Артем Львович, молодой человек лет тридцати, при очках и
бритом черепе, придающем ему сходство с Маяковским, сидел в кресле, забросив
ноги на стол. Обувь у него была просто загляденье. «Nagelschuhe»
<Nagelschuhe — горные сапоги с гвоздями (нем).>, как сказал бы Отто Шриттматтер,
бывший немецкий компаньон отца, спустивший в унитаз две очень выгодные сделки.
Ольга сильно подозревала, что отец и Отто просто не поделили Инку, и
посрамленный немец, наплевав на свой стерильный менталитет, начал откровенно
гадить — как раз в духе забойных аргентинских телесериалов.
Вот тебе и горные сапоги с гвоздями.

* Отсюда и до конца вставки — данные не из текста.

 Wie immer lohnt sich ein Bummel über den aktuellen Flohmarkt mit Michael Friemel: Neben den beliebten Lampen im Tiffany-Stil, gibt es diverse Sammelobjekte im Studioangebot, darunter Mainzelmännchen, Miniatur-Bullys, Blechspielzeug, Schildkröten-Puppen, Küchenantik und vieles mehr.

Этот продвинутый Артем
Львович наверняка купил их где-нибудь на распродаже в бесснежном равнинном
Ганновере (вероломный Отто Шриттматтер был из Киля). В тесном союзе с
гениталиями такие гиперсексуальные сапоги должны производить сильное
впечатление на шлюх средней руки. Наверняка все они просят Артема Львовича не
снимать обувь во время акта.
Очень демократично, ничего не скажешь. И выглядит он
неплохо, особенно хорош череп, испещренный многочисленными шрамами. Такому
отпетому врачу хочется сразу доверить все, что только можно, — запущенный
цистит, эрозию шейки матки, гланды, тахикардию и болезнь Паркинсона.

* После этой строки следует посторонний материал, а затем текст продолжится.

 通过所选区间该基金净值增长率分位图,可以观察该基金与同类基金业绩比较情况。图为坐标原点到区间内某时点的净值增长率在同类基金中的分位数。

Артем Львович совершенно не удивился визиту Ольги, и это
сразу насторожило ее.
— Привет, — сказал он. — А мы только что о
вас говорили.
— Я знаю. С моим мужем.
— Точно, — осклабился Артем Львович.
— Что порекомендовали? — Ольга решила, что
иронический тон будет самым уместным. Ирония — единственная эмоция, которой
напрочь лишены душевнобольные.
— То же, что и всегда, — Артем Львович даже не
соизволил сбросить ноги со стола. — Аспирин, горчичники, постельный режим
и компрессы на ночь. Желательно водочные. Вы напрасно встали, горло — вещь
обманчивая.
— При чем здесь горло?
— Ну, когда я осматривал вас, если вы помните…

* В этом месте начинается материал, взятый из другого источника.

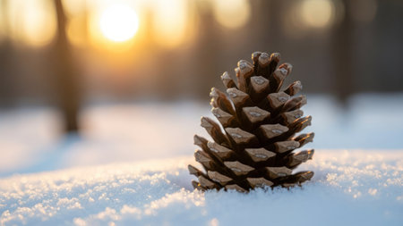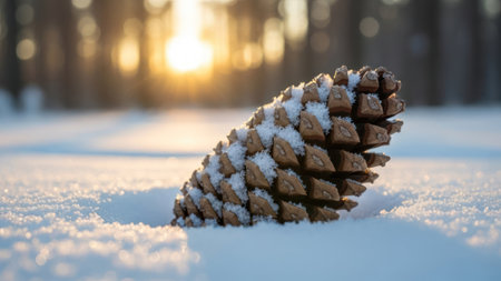 A close-up view displays a pine cone resting in fresh snow with a blurred background. The natural textures of the pine cone contrast against the soft, white snow. Sunlight gently illuminates the scene creating a warm aesthetic. The natural elements create a peaceful environment.

— Я помню! — Она повысила голос. — Я все
помню!
— Охотно верю. — Улыбка Артема Львовича стала еще
шире, Ольга даже увидела золотую коронку, загнанную глубоко в пасть. —
Только зачем же так кричать? Мы все-таки не в горячем цеху на сталепрокатном
заводе. И не на рынке.
Изысканное вальяжное хамство тоже шло ему.
— Что он сказал вам?
— Кто?
— Мой муж. Зачем он приходил?
— За аспирином.
— Врете. У нас есть аспирин. О чем вы говорили?
— Я давал клятву Гиппократа, душа моя. — Он посмотрел
на Ольгу прозрачными глазами клятвопреступника.
— Он все вам рассказал, да? — Опять этот приступ
неконтролируемой ярости, включающий в свою орбиту не только Марка, но и этот
бритый медицинский клистир. Лоб Ольги покрылся испариной.